Power: filtering, ingratiating
Semantics: recognize that it is you, the individual who assigns meanings to words. Your meaning may be different than mine. What does it mean when the boss asks, "Where is the report?" What does it mean to say, "I cannot recommend him too highly"? "How nice to see you."
Meta communication refers to the hidden assumptions, inferences, and interpretations of the participants. In the Johari Window context, this could be "unknown" to both self and other. In Johari, "hidden" information is known to the person (self) but not to the other. In closed communications senders and receivers consciously and purposely hide their real agendas and messages.
Some communication is designed to conceal, hide the real message. During the presidential campaign Clinton said he would not raise taxes to support my programs. After the election, he said that he could raise taxes for other purposes. Lying and distortion strategies. Impression management strategies, ingratiation, self-promotion, face-saving.
Non verbal communication. Body language and space. Cross cultural differences on use of language/silence/body language/space. How can you decode people with a foreign culture. Note: High context cultures v. low context. High context communication assumes a prior relationship, we are members of a common culture, family. The U.S. low context has trouble negotiating with high context. When Americans say "yes", usually, they mean that they agree. When the Japanese say "yes", they mean they understand what you are saying. They are not signaling agreement. China and France are example of high context.
Dangers of ethnocentrism. Too often we assume that others are just like us. This can lead to devastating consequences.
Status and gender differences. How is status communicated? What is the difference between the boss and the employee in what each can say and do? What is the difference in communication of men and women (mars v. venus, is this a cliche), among and between? who can touch? Who uses body language? Who decodes better? Who has more eye contact?
Communication is related to organizational structure and to formal and informal interaction. Classical management theory stresses hierarchy and scaler chain of command. Vertical lines are the formal lines of communication. Most formal communication goes downward at the expense of upward and lateral communication. There are gaps, misinformation, distortion, omission. Implication: there is inadequate communication. The failure of the bottom to act on command is viewed as a problem of insufficient control when it can easily be a lack of communication effectiveness.

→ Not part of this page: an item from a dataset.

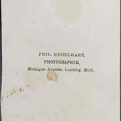 Carte de visite photograph of an unidentified man with an elaborate backdrop and props taken by Lansing photographer Philip Engelhart. The number 29 is written on a prop.

The organizational chart defines formal communication. But actual communication follows interaction. Instead of the organizational chart, we must think of managers as embedded in networks that include superiors, subordinates, formal and informal contacts, people in similar and collateral fields of work, in-house and the broader profession. Use your networks.
Networks are patterns of communication, they control the flow. WN:496. See effects of different networks. Which is more centralized? Which leads to member satisfaction?
Which solves problems best? Why does the all-channel have a very low range of individual member satisfaction and high group average satisfaction? What are the implications of network patterns for leadership?
The Grapevine is the informal communications network. Perhaps, its potency is based on its richness. Media Richness: If the medium is rich, it provides feedback, personalization (tailoring), multiple cues, and language variety. Which is richer? A customer satisfaction survey chart with percents, written statements, oral statements on tape (video)? Standard business communications often lack richness.
Enhance communication downward by paying attention to the perceiver-receiver. What are his hopes, dreams, needs, biases, languages, situation. To enhance communication: redundancy (repetition), verification, bypassing. Overcoming classical restraints on communication by use of: committees, gang-planks, linking pins, work groups, task groups, Scanlon plans, quality circles, grapevines, MBWA. How do these increase both vertical and horizontal communication. All communication becomes lateral.
Supportive communication W&N, p. 509. What do you think of self-disclosure?
Guidelines for giving effective/constructive feedback.
Specific (exactly what is required), not general.
Timely; not too late to matter; not if receiver is not ready to receive.
Descriptive, not judgmental
Trust. It is always helpful if there is a trusting foundation for communication.
How important is listening? Our culture rewards active, bullying talkers. Listeners are passive whimps.